**YOUR TASK:** Your answer must be the exact lines of the listing below that run from the line with "At InnoviCorp, we" to the line with "select a cell", ends included, and no pictures.

**DATASET RECORDS:**

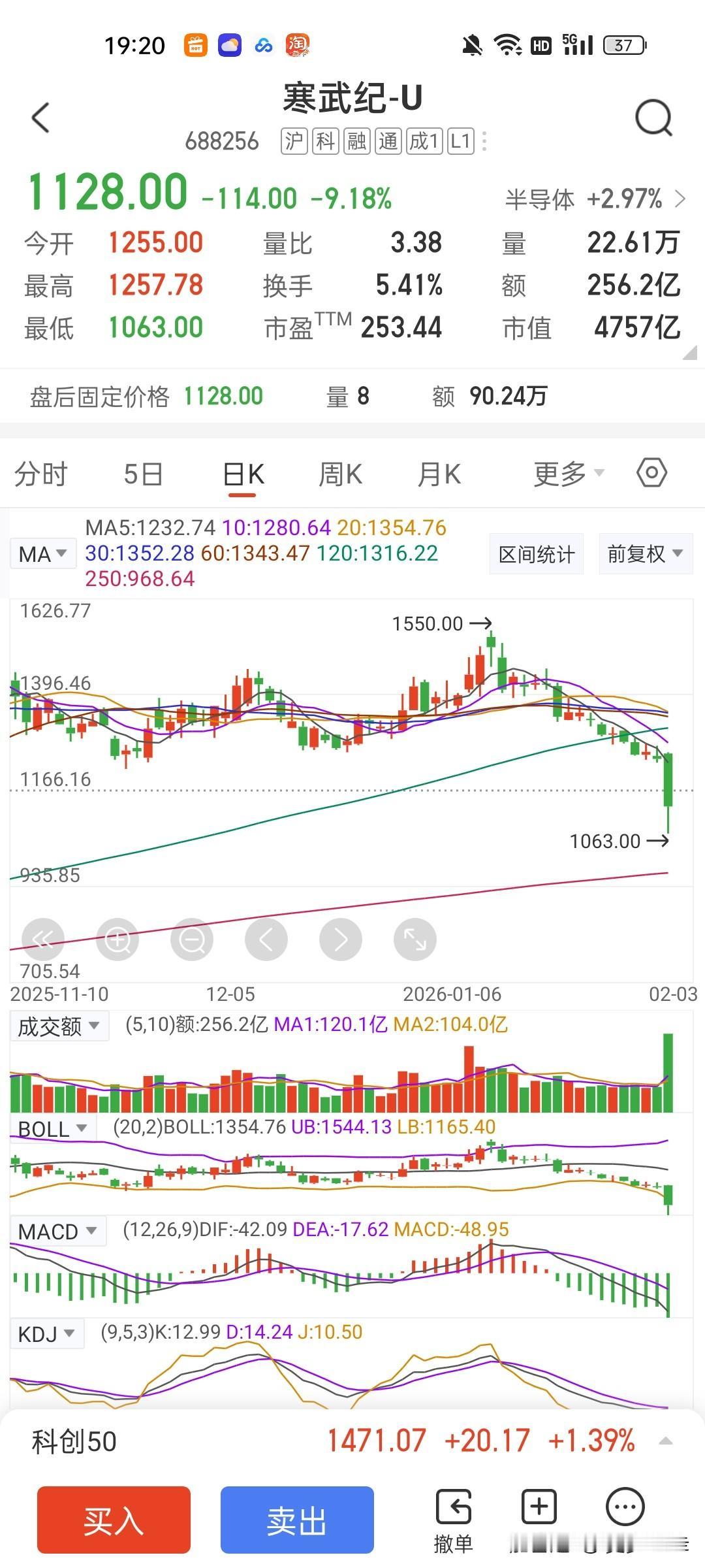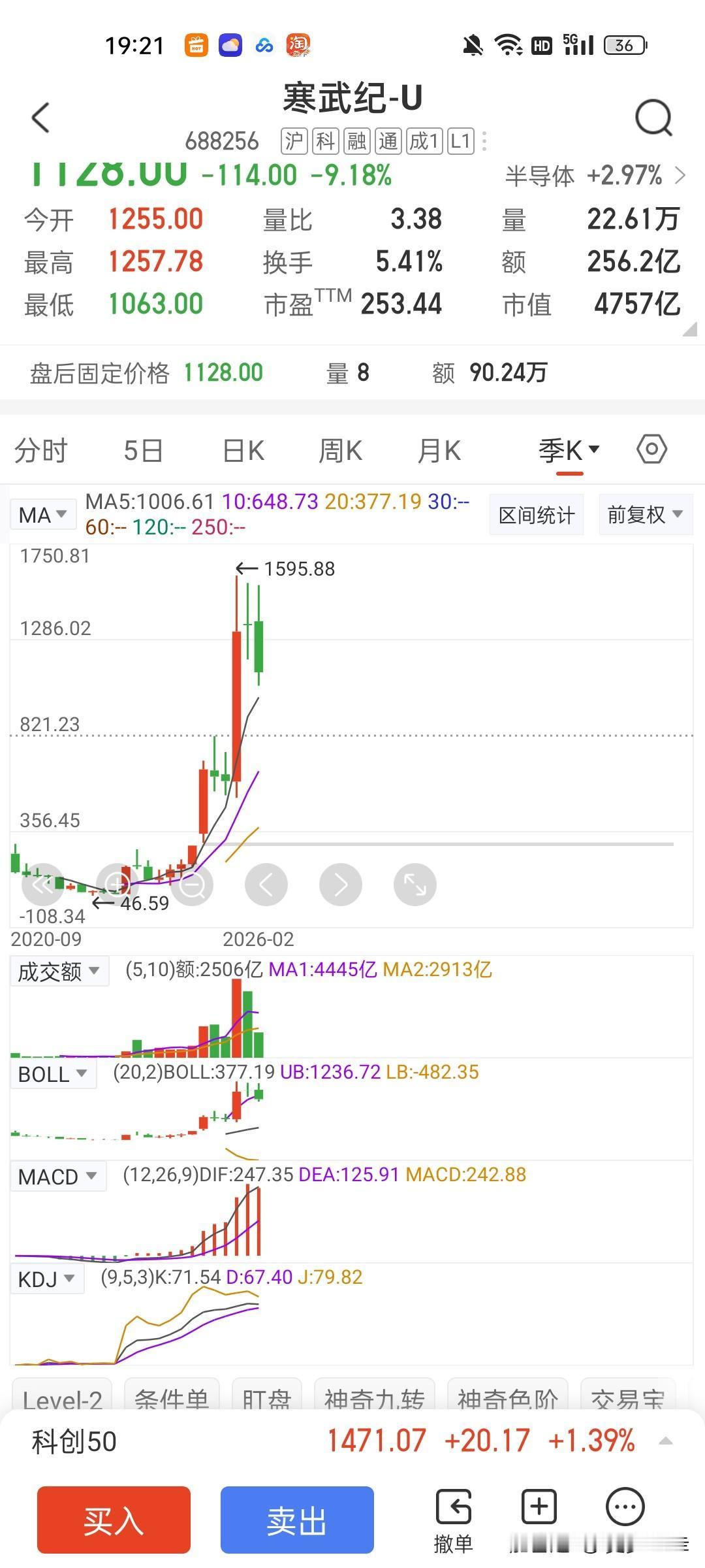 寒王-寒武纪终于开始了中期调整!月线看,已经跌破了5月均线。周线看是三重顶结构,
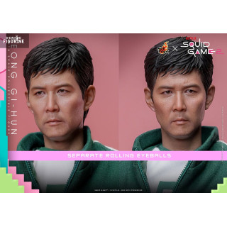 Cette figurine Hot Toys capture avec un réalisme saisissant l’apparence de Seong Gi-hun. À l'échelle 1/6 et mesurant environ 30 cm, elle représente fidèlement son survêtement vert numéroté 456, symbole des joueurs du Squid Game. Son expression déterminée, ainsi que les moindres détails de son visage et de ses vêtements, témoignent du savoir-faire du fabricant. Il tient dans sa main un casque noir, emblème des mystérieux gardes du jeu, ajoutant une touche dramatique à sa posture. Conçue en matières de haute qualité, cette figurine est un incontournable pour tout collectionneur souhaitant revivre l’intensité de la série.
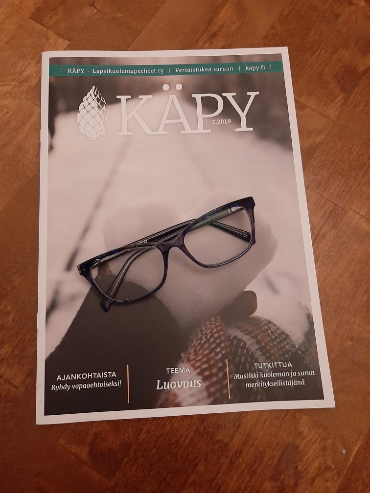 Suomessa vertaistukea lapsensa menettäneille tarjoaa ja organisoi Käpy – Lapsikuolemaperheet ry ja hyvin tarjoaakin ja organisoi. Tämä oli yksi niitä tukikontakteja, joihin ei tarvinnut olla itse yhteydessä, vaan sairaalassa sosiaalityöntekijä kysyi luvan meiltä, välitti yhteystiedot Käpyyn ja alle viikko Supersankarin kuoleman jälkeen meille soitettiin Kävystä. Ei tainnut mennä kuin viikko siitä eteenpäin ja minulle oli löytynyt oma vertaistukihenkilö. Noin ihan vertailun vuoksi, tässä kohtaa taisimme vielä odottaa aikoja sekä neuvolapsykologille että yleissairaalapsykiatrialle.
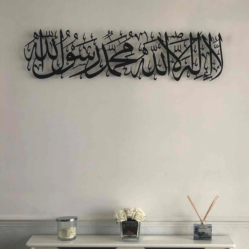 This wall decor, adorned with the First Kalima “There is no god but Allah, and Muhammad is His messenger” in horizontal Islamic calligraphy, symbolizes both unity and eternity in Islamic culture. Ideal for Ramadan Decor, Eid Mubarak, or as a thoughtful Muslim gift, it enhances home decor with its beautiful Islamic design. See other Islamic Wall Decors by clicking here!
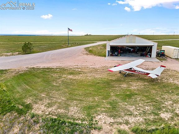 Gorgeous 360 degree views, almost 60 acres, and your own private hangar with 2400' runway await you for this pilot's dream property. This runway is both FAA approved and there is a county use by review permit in place. The 60x48 steel frame hangar with bifold door can also serve as a shop or a barn. This property is fenced on three sides and has ample hay production in the growing season. The open concept home has room to add on for a growing family with a permitted, framed, and stubbed in walk out basement. This home also boasts Siberian birch hardwood floors on the main level, a Generac back up generator, and AC. Please walk the property and only drive on driveway. Please do not drive on runway. Adjudicated water rights are available!
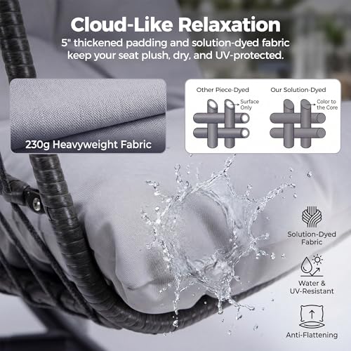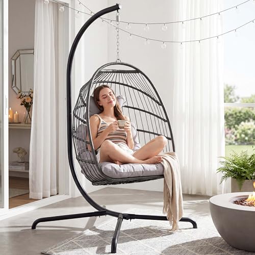 NICESOUL - كرسي أرجوحة معلق على شكل بيضة للاماكن الداخلية والخارجية مع وسائد مقاومة للاشعة فوق البنفسجية بوزن 350 باوند للفناء وغرفة النوم والشرفة من نيسول® (رمادي)
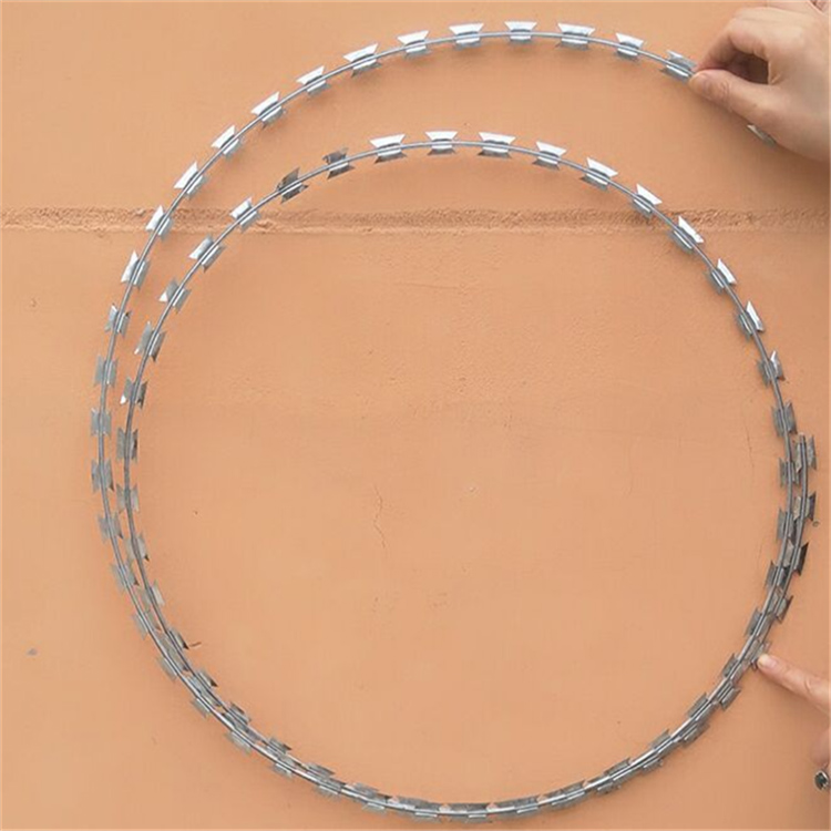 直條型刀片刺繩表面防腐處理有電鍍鋅、熱鍍鋅以及鍍鋅噴塑(顏色隨意選擇),根據(jù)客戶的要求,做不同的處理。其主要用于監(jiān)獄護欄網(wǎng)、軍事護欄網(wǎng)、機場護欄網(wǎng)、小區(qū)防盜網(wǎng)、廠區(qū)圍墻防盜網(wǎng),與其他護欄網(wǎng)相結(jié)合防護作用會很好。監(jiān)獄基本上用的都是刀片刺網(wǎng)。
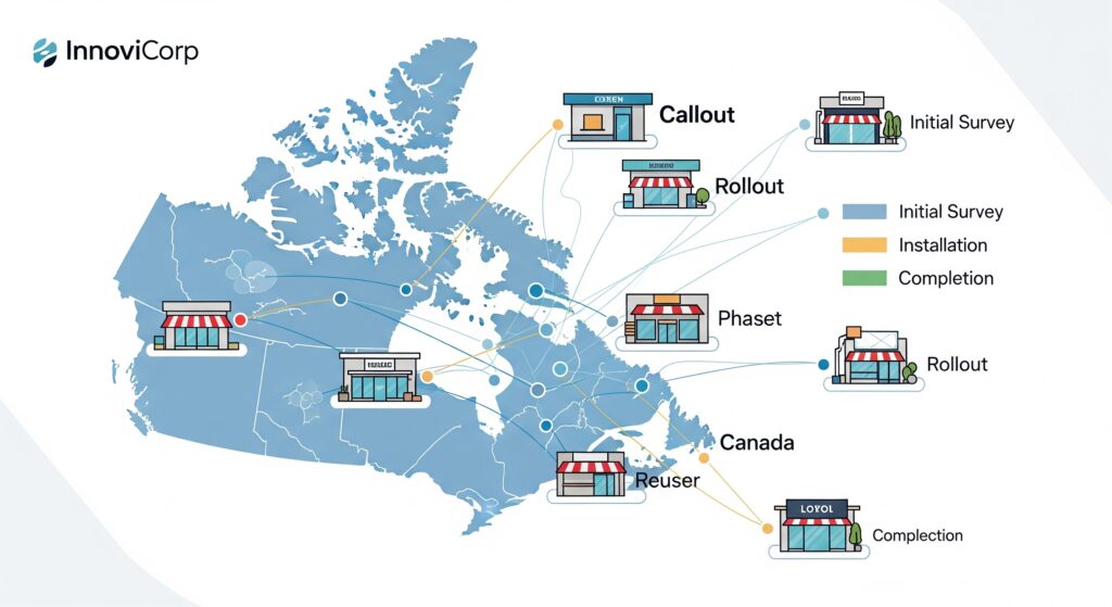 At InnoviCorp, we specialize in executing smooth, scalable, and detail-driven program rollouts across Canada. Whether you’re launching new store displays, updating brand elements, or coordinating multi-location installations, we ensure every site is completed consistently, on time, and with full transparency.
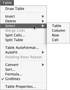 | In many cases, to format the contents of table cells or restructure a table, you must begin by selecting the cells you want to change. Selecting table cells is very similar to selecting other document text, but Word offers some tricks to make it easier. To select a cell
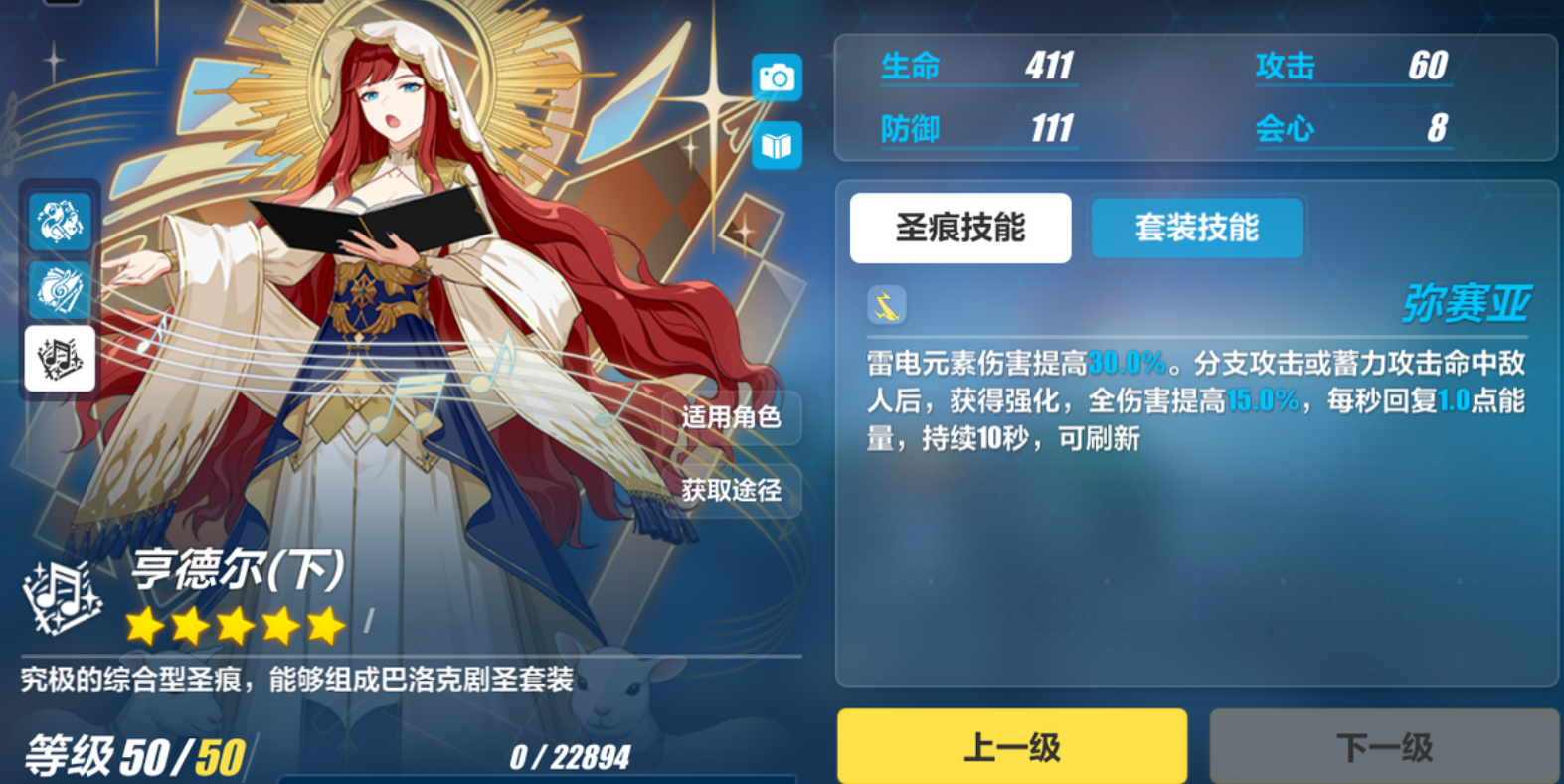 武器选择上,专属双枪往世的华章与她契合度最高。这把武器不仅能随她的QTE自动触发武器主动技能,让战斗流程更紧凑,还能进一步强化全队的雷电元素伤害。圣痕方面,亨德尔套装是最优推荐。这套圣痕能大幅提升她的雷电输出,其强化在场角色的特性尤其适合与需要驻场的主C配合,显著放大团队整体雷电伤害。亨德尔可通过游戏内的万象虚境锻造获取,对资源有限的伙伴们非常友好。
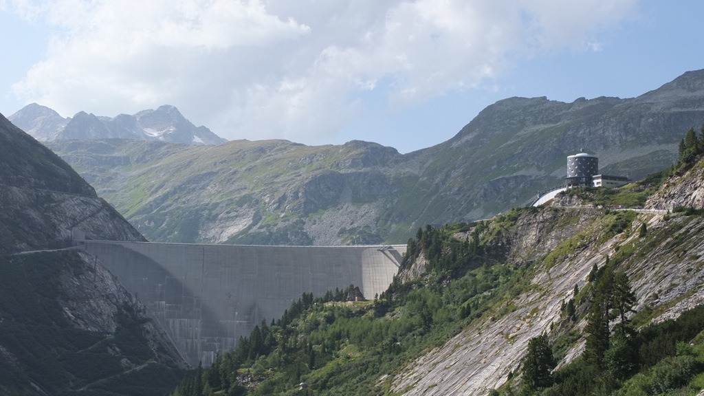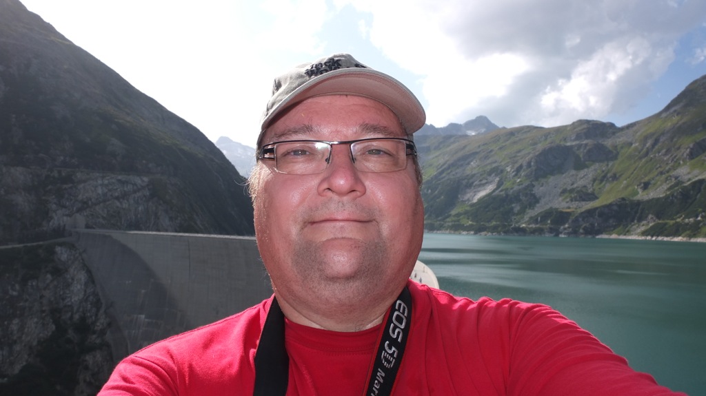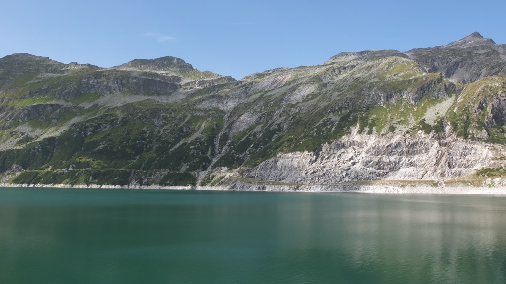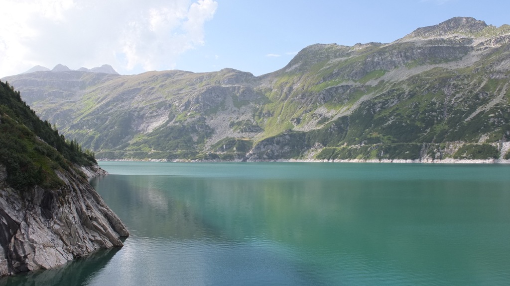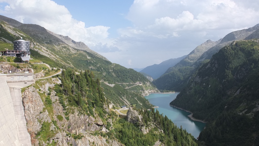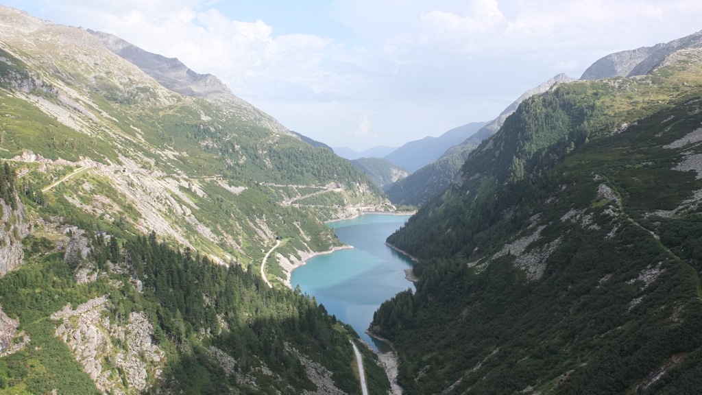 Der Ausblick oben beim Stausee war schon recht schön aber insgesamt konnte er mit den Erlebnissen entlang der Nockalmstrasse vom Vormittag nicht mithalten. Mit einer automatischen Kamera konnte man auch ein Foto von sich machen was ich natürlich gleich ausprobierte 🙂 Das Foto findet ihr hier. Auf der Staumauer ging vor mir ein Pärchen, schätzungsweise in meinem Alter die Englisch mit britischem Akzent sprachen. Als er die Kamera für ein Selbstauslöserfoto auf die Mauer positionierte fragte ich sie, ob ich sie vielleicht fotografieren darf was sie dankend annahmen. Wir kamen dann ins Gespräch, sie wohnen in Südengland, fahren mit dem Motorrad durch Belgien, Deutschland, Österreich und dann weiter nach Slowenien und Italien, es gefällt ihnen ganz ausgezeichnet. Nachdem ich noch einen Radfahrer aus Klagenfurt mit seiner Kamera auf der Staumauer fotografiert hatte machte ich mich auf den Rückweg nach Eisenkappel denn es war eh schon 17:45. Am Morgen hörte ich während des Frühstücks im Wetterbericht des Radio dass am Nachmittag im Gebiet der Nockberge die Wahrscheinlichkeit für Wärmegewitter recht hoch sein soll und tatsächlich zogen mehr und mehr Wolken auf.
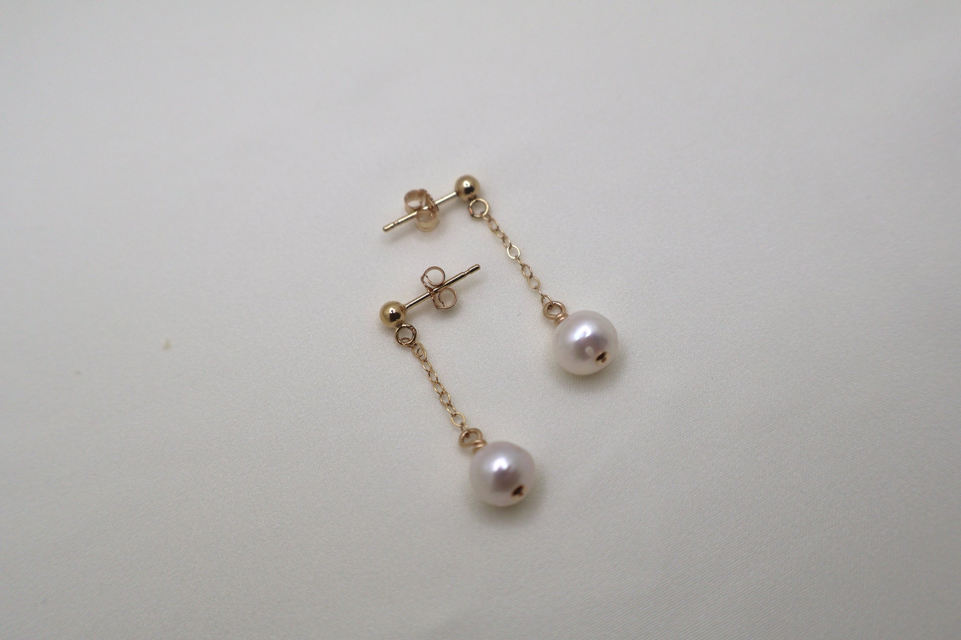 The Camilla Earrings, each side with a single freshwater pearl drop. Their refined simplicity adds a timeless touch to your look.
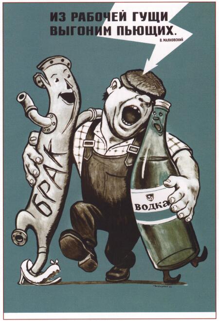 Плакатов, яро осуждающих курение, гораздо меньше чем тех, что осуждают алкоголизм. Очевидно это связано с тем, что человек в состоянии постоянного алкогольного опьянения не мог приносить пользу обществу, не мог «полноценно участвовать в строительстве социалистического общества» (1). Помимо этого он вредил как себе, так и окружающим его людям: семье, соседям, обычным прохожим.

**WRITTEN REPLY:**
 At InnoviCorp, we specialize in executing smooth, scalable, and detail-driven program rollouts across Canada. Whether you’re launching new store displays, updating brand elements, or coordinating multi-location installations, we ensure every site is completed consistently, on time, and with full transparency.
 | In many cases, to format the contents of table cells or restructure a table, you must begin by selecting the cells you want to change. Selecting table cells is very similar to selecting other document text, but Word offers some tricks to make it easier. To select a cell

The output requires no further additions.